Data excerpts
....................
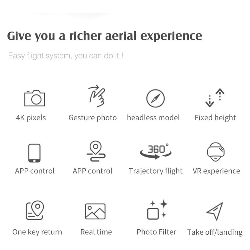 - 【ALTITUDE HOLD】 When you focus on shooting images, you may set your hands off the joystick and the drone still suspend in mid-air with locked altitude. A perfect drone for beginners, starters, or newbies to have a easy and stable flight experience.
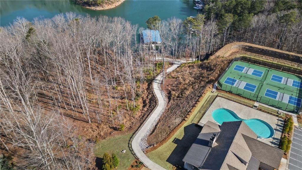 - Clubhouse, Dock, Curbs, Gated, Lake, Shopping, Pickleball, Pool, Sidewalks, Tennis Court(s)
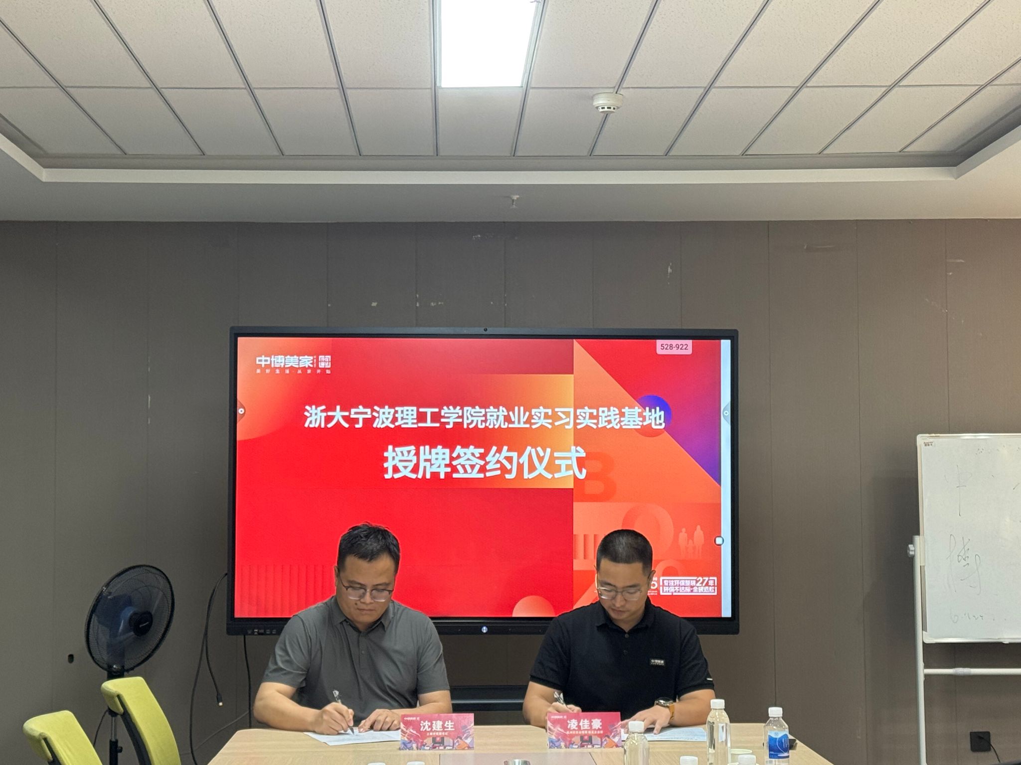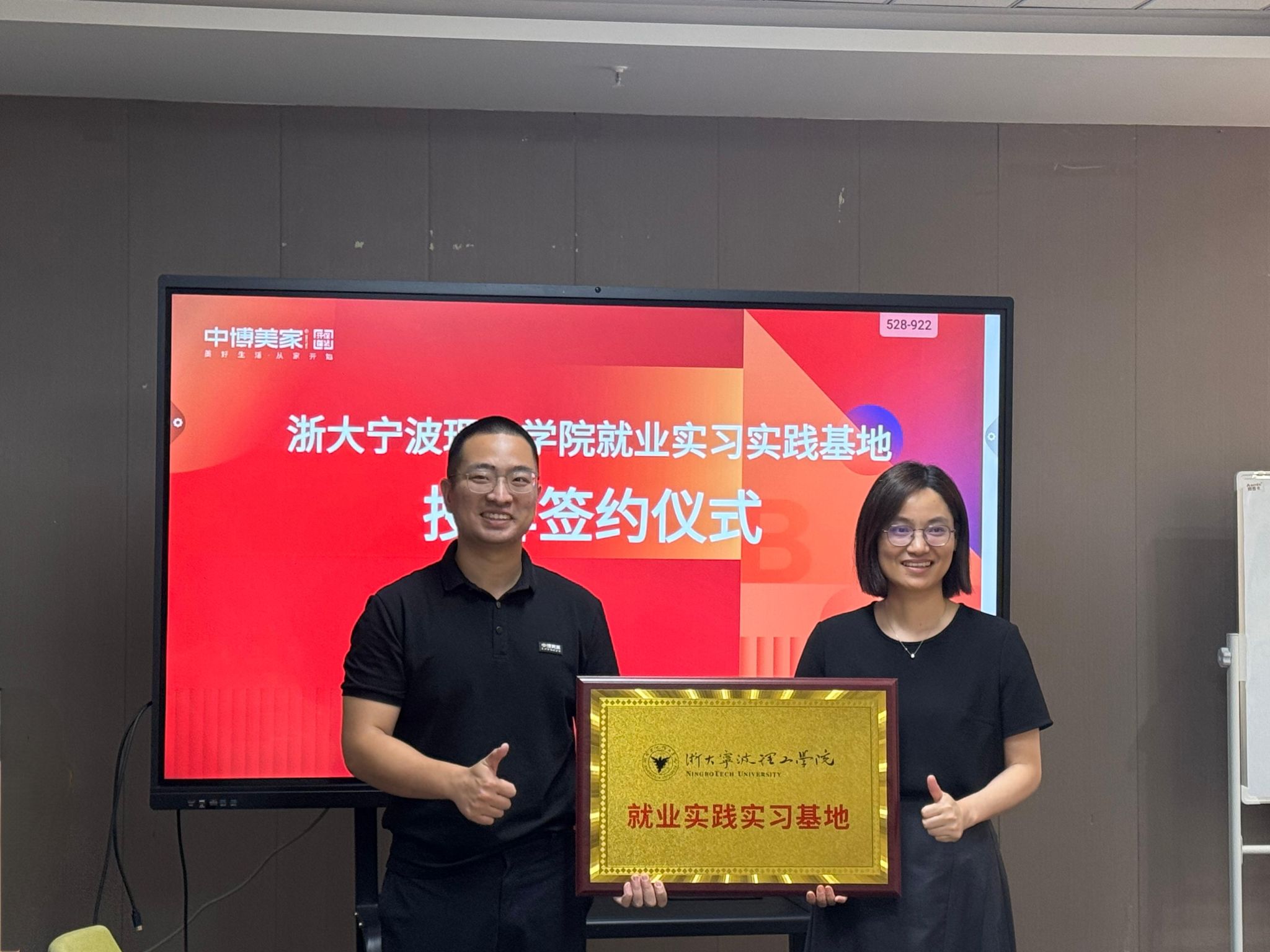 在浙江中博美家科技有限公司,学校一行在土建学院16届校友凌佳豪和彭晓平的陪同下参观了企业展厅,深入了解企业在智能家居、绿色建材领域的创新成果与市场布局。交流中,中博美家公司分享了行业发展趋势及对设计、营销、材料技术等复合型人才的迫切需求。学院党委副书记沈建生与中博美家科技有限公司副总裁凌佳豪签订了就业实习实践基地共建协议,土建学院党委书记王成为公司授就业实践实习基地牌。双方期待在联合开展人才培养、拓展毕业生优质就业岗位等方面开展实质性合作,实现校企资源的精准对接与互利共赢。
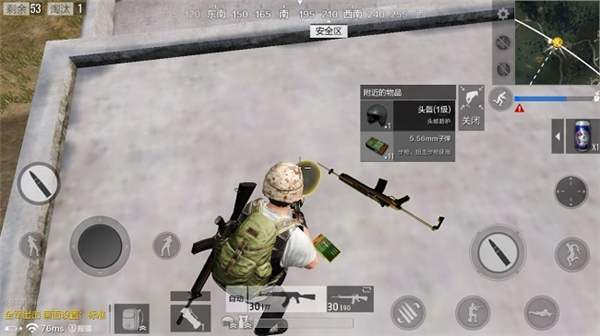 藍(lán)色范圍為毒氣區(qū),白色區(qū)域?yàn)榘踩珔^(qū),玩家需要不斷的移動(dòng),到達(dá)安全區(qū)域從而獲得比賽的勝利。
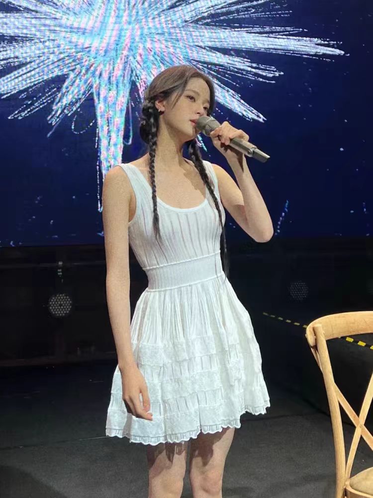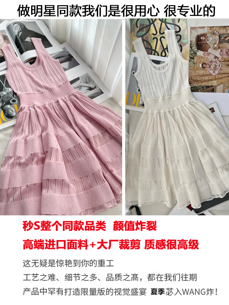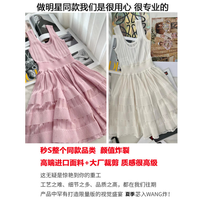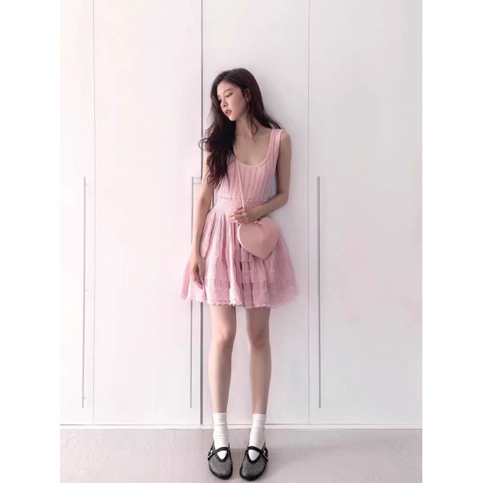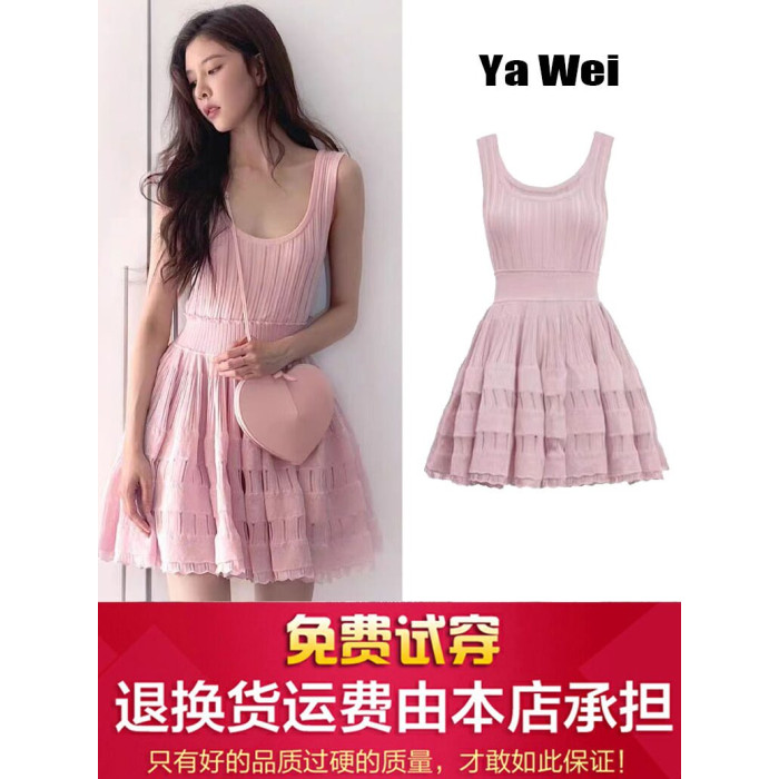 宋妍霏同款粉色無袖背心針織吊帶連衣裙女夏季2025新款小個子裙子
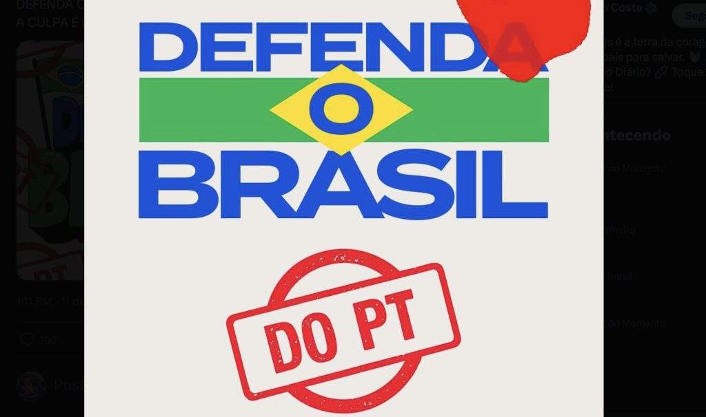 Internautas impulsionaram, nesta sexta-feira, 11, o slogan “Defenda o Brasil do PT” na rede social X. A campanha responde à peça publicitária lançada pelo Partido dos Trabalhadores (PT), que culpa o ex-presidente Jair Bolsonaro pelo tarifaço imposto pelos Estados Unidos.
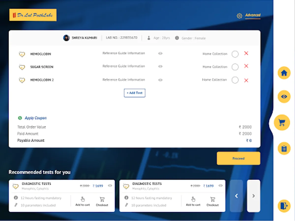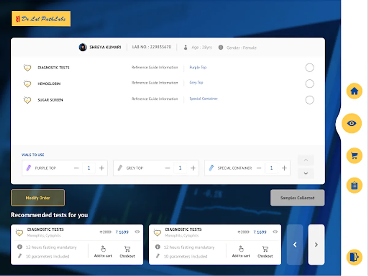 Phlebotomy kiosk is placed at sample collection room and the phlebotomist would be able to see the order booked and can complete the check out along with sample collection.
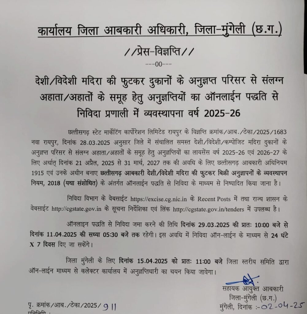 जिला आबकारी विभाग मुंगेली ने 2025-26 के लिए शुरू की प्रक्रिया
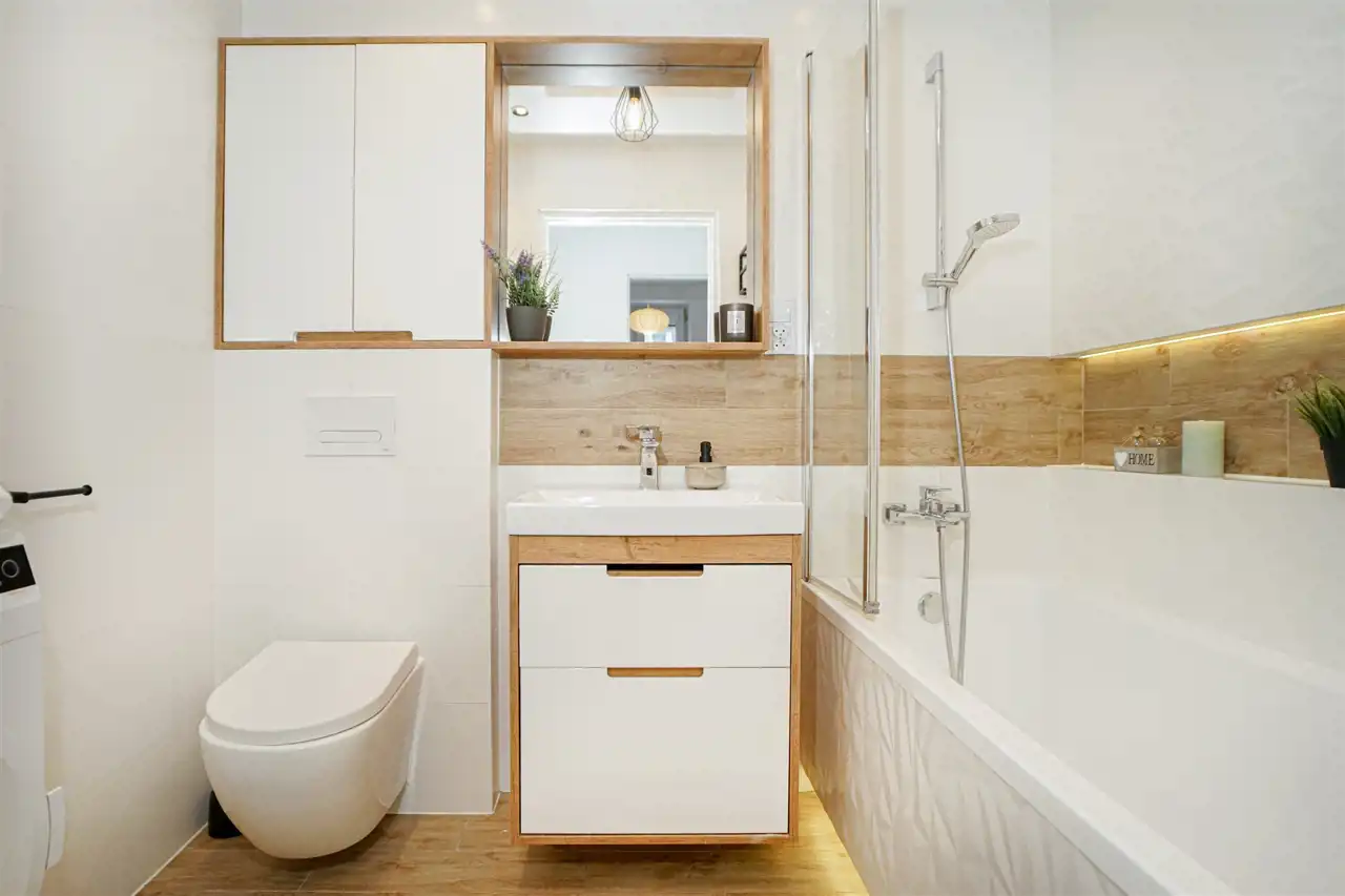 - nowoczesna łazienka z wanną,
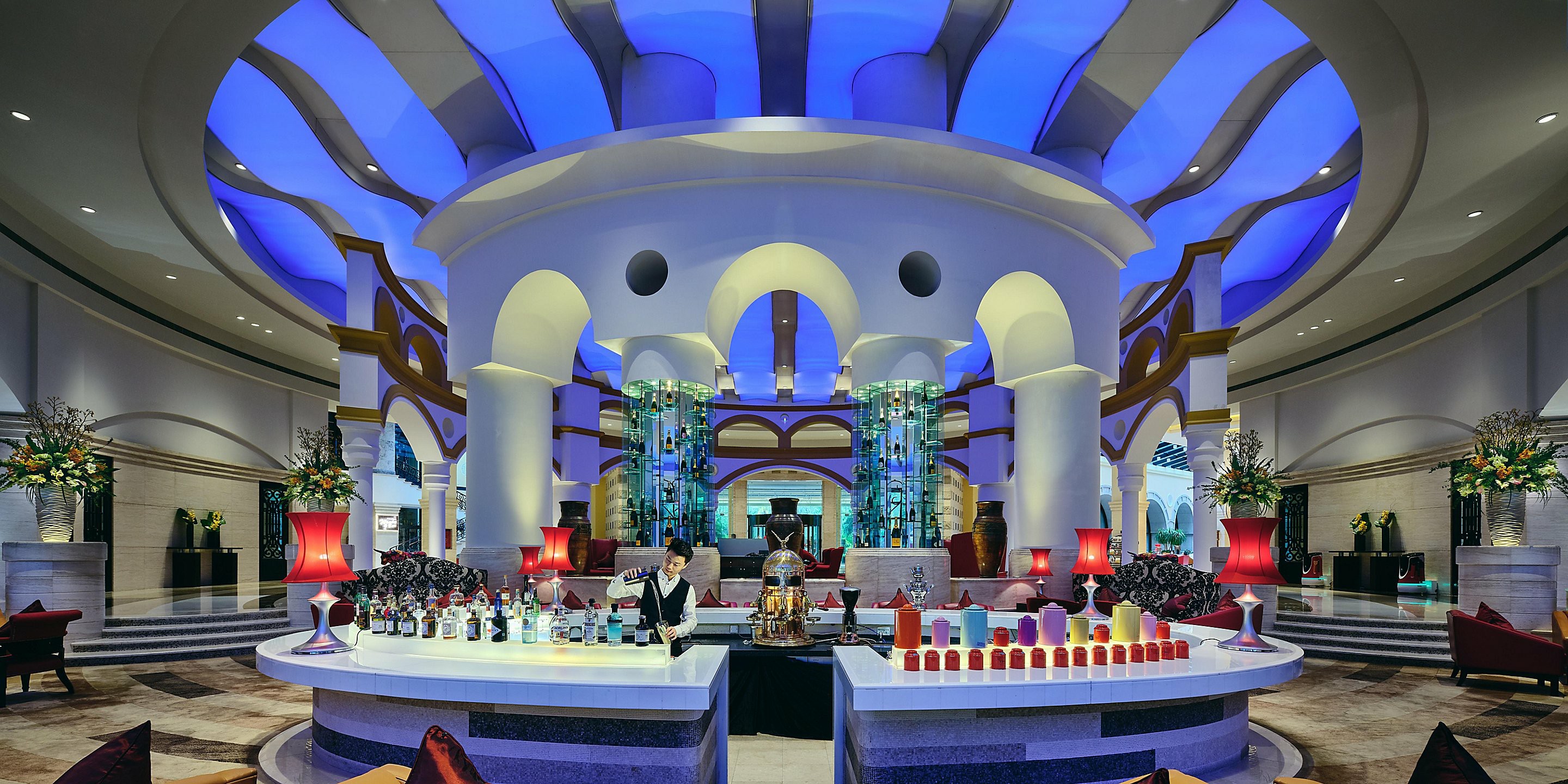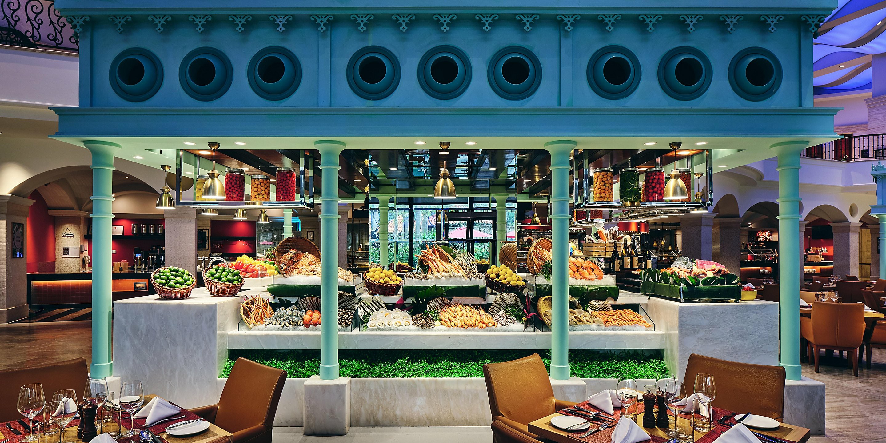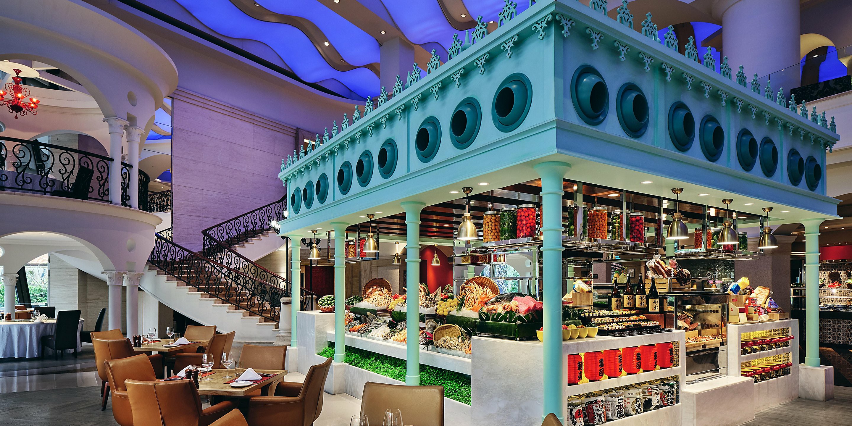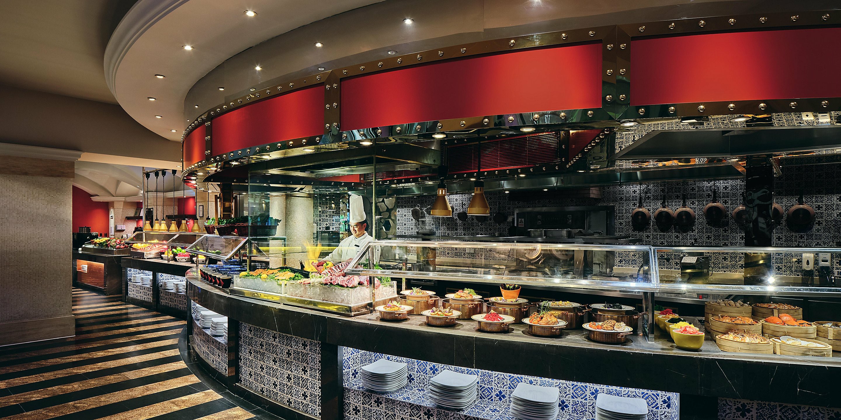 廣場(chǎng)咖啡廳搜羅中西知名菜式,無(wú)論是自助餐或零點(diǎn),都能迎合各國(guó)嘉賓的不同口味??扇菁{355位賓客同時(shí)就餐,并有兩個(gè)空中閣樓和池畔露天雅座供選擇。
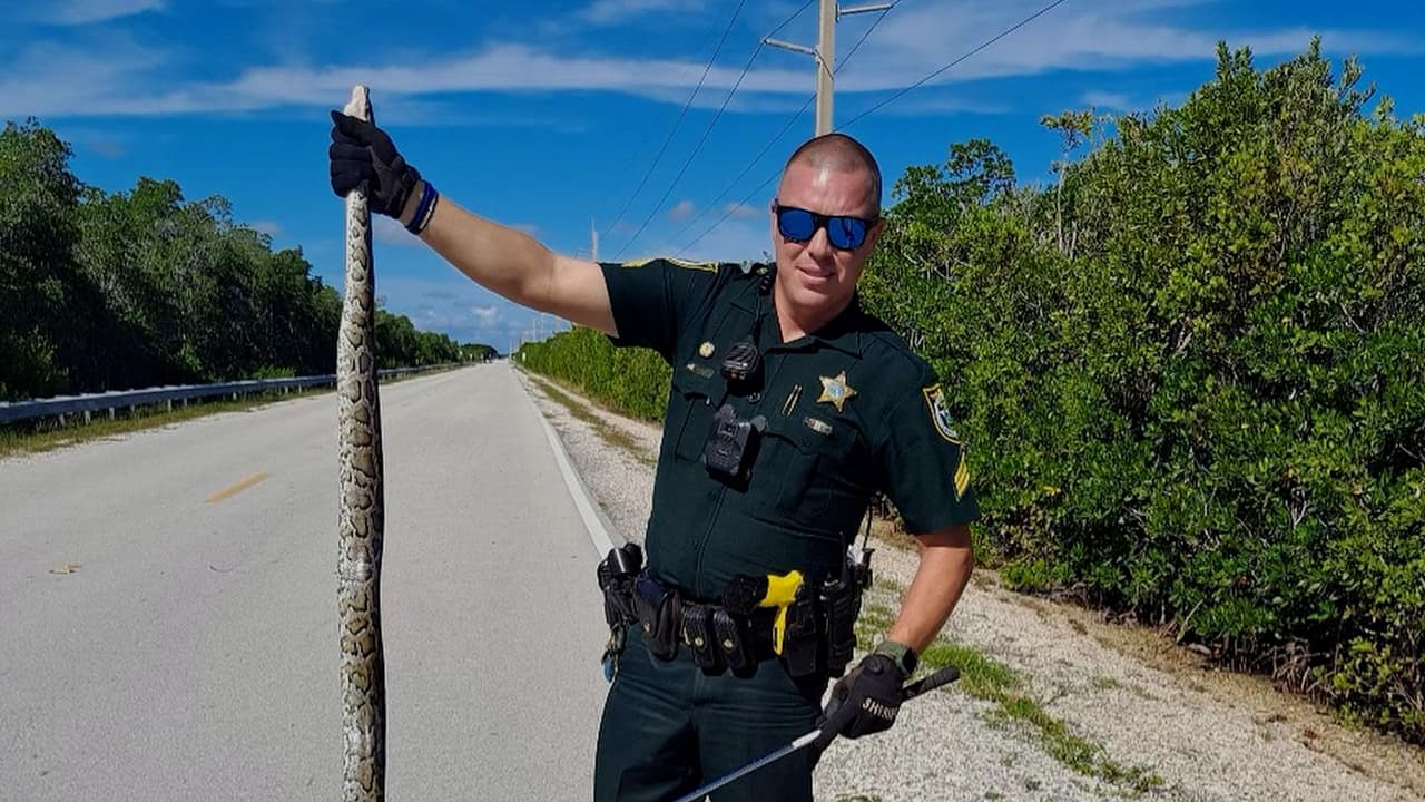 El sargento James Hager se topó con esta piton birmana en Los Cayos de Florida, estaba en el medio de la US 1, a nivel de Key Largo. Por suerte, el oficial la capturó, pero debe tener cuidado, pues suelen llegar a esta zona desde los Everglades, por Florida Bay.
....................
Write out the data exactly, and exclude every picture it holds.

 - 【ALTITUDE HOLD】 When you focus on shooting images, you may set your hands off the joystick and the drone still suspend in mid-air with locked altitude. A perfect drone for beginners, starters, or newbies to have a easy and stable flight experience.
 - Clubhouse, Dock, Curbs, Gated, Lake, Shopping, Pickleball, Pool, Sidewalks, Tennis Court(s)
 在浙江中博美家科技有限公司,学校一行在土建学院16届校友凌佳豪和彭晓平的陪同下参观了企业展厅,深入了解企业在智能家居、绿色建材领域的创新成果与市场布局。交流中,中博美家公司分享了行业发展趋势及对设计、营销、材料技术等复合型人才的迫切需求。学院党委副书记沈建生与中博美家科技有限公司副总裁凌佳豪签订了就业实习实践基地共建协议,土建学院党委书记王成为公司授就业实践实习基地牌。双方期待在联合开展人才培养、拓展毕业生优质就业岗位等方面开展实质性合作,实现校企资源的精准对接与互利共赢。
 藍(lán)色范圍為毒氣區(qū),白色區(qū)域?yàn)榘踩珔^(qū),玩家需要不斷的移動(dòng),到達(dá)安全區(qū)域從而獲得比賽的勝利。
 宋妍霏同款粉色無袖背心針織吊帶連衣裙女夏季2025新款小個子裙子
 Internautas impulsionaram, nesta sexta-feira, 11, o slogan “Defenda o Brasil do PT” na rede social X. A campanha responde à peça publicitária lançada pelo Partido dos Trabalhadores (PT), que culpa o ex-presidente Jair Bolsonaro pelo tarifaço imposto pelos Estados Unidos.
 Phlebotomy kiosk is placed at sample collection room and the phlebotomist would be able to see the order booked and can complete the check out along with sample collection.
 जिला आबकारी विभाग मुंगेली ने 2025-26 के लिए शुरू की प्रक्रिया
 - nowoczesna łazienka z wanną,
 廣場(chǎng)咖啡廳搜羅中西知名菜式,無(wú)論是自助餐或零點(diǎn),都能迎合各國(guó)嘉賓的不同口味??扇菁{355位賓客同時(shí)就餐,并有兩個(gè)空中閣樓和池畔露天雅座供選擇。
 El sargento James Hager se topó con esta piton birmana en Los Cayos de Florida, estaba en el medio de la US 1, a nivel de Key Largo. Por suerte, el oficial la capturó, pero debe tener cuidado, pues suelen llegar a esta zona desde los Everglades, por Florida Bay.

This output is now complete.